Translation from bureaucratese to English: “Faced with being fired for being a jackass or resigning, I resign.”
Previously:
4 Comments RSS · Twitter · Mastodon
Totally uncalled for. You can tell companies that they have to use usb-c in the EU or whatever but they are out of their minds if they think they can tell Americans what they can say in a conversation, or else... Doesn’t matter what your politics are.
They will regret that they sent that letter soon.
"and make it very clear that blue checkmarks indicate premium account status. That’s illegal under the DSA?"

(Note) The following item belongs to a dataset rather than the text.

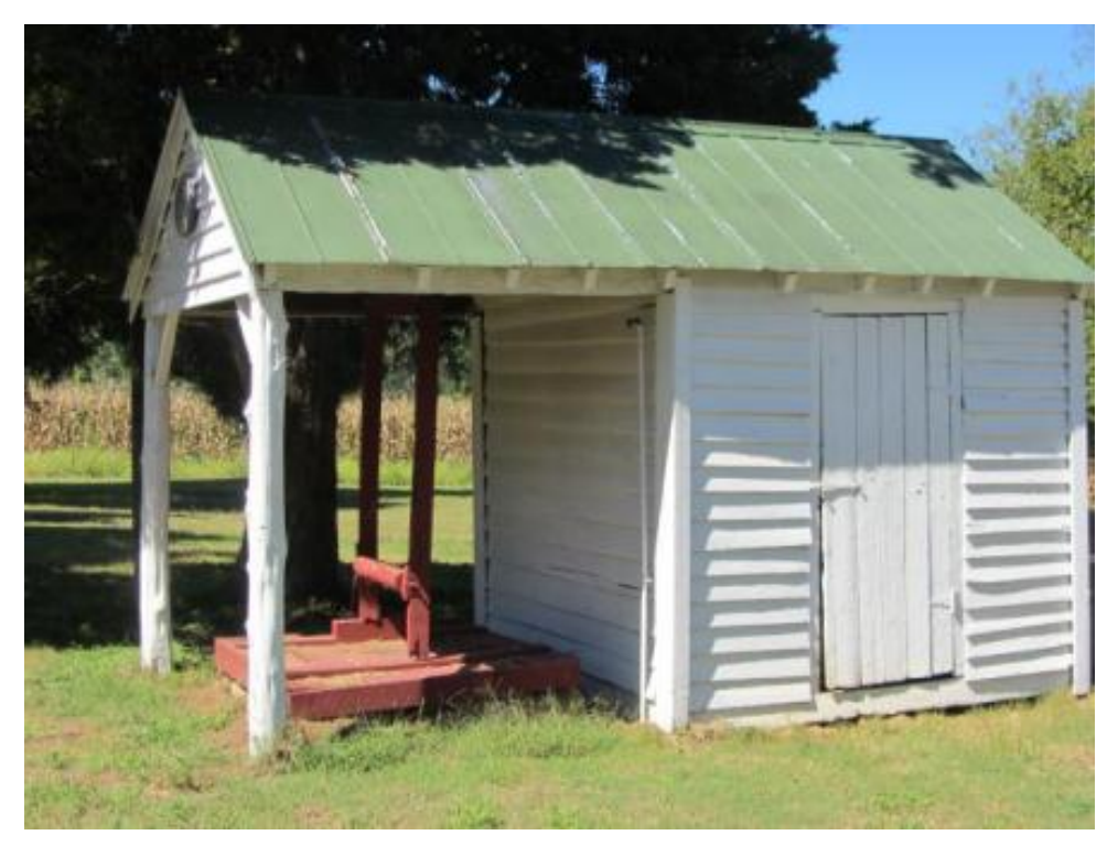
Figure 20. NCDOT Survey #45, Dr. Joseph A. McLean House (GF-1535), 6069 Burlington Road, Guilford County, wellhouse with open gable bay off south elevation on the left and entrance on east elevation, looking northwest.

How are they making it very clear? They're using the same iconography that other sites (e.g. Instagram) use for verified accounts, and there is no obvious way to figure out what the icon means. You can't hover over it to see a description, or click on it to go to any kind of documentation.
The reason Twitter reused the verified badge for their premium accounts, instead of creating a new system, is very clearly because being verified has value, so commingling the two ideas was an intentional decision. It's meant to be confusing, because that is what gives it value.
I mean, if X actually did verify everyone who paid, but still required payment for verification, they could probably have passed muster. Just a stupid own-goal that ironically makes Twitter look less democratic, not more, under Musk's control. Not great for the populist vibe.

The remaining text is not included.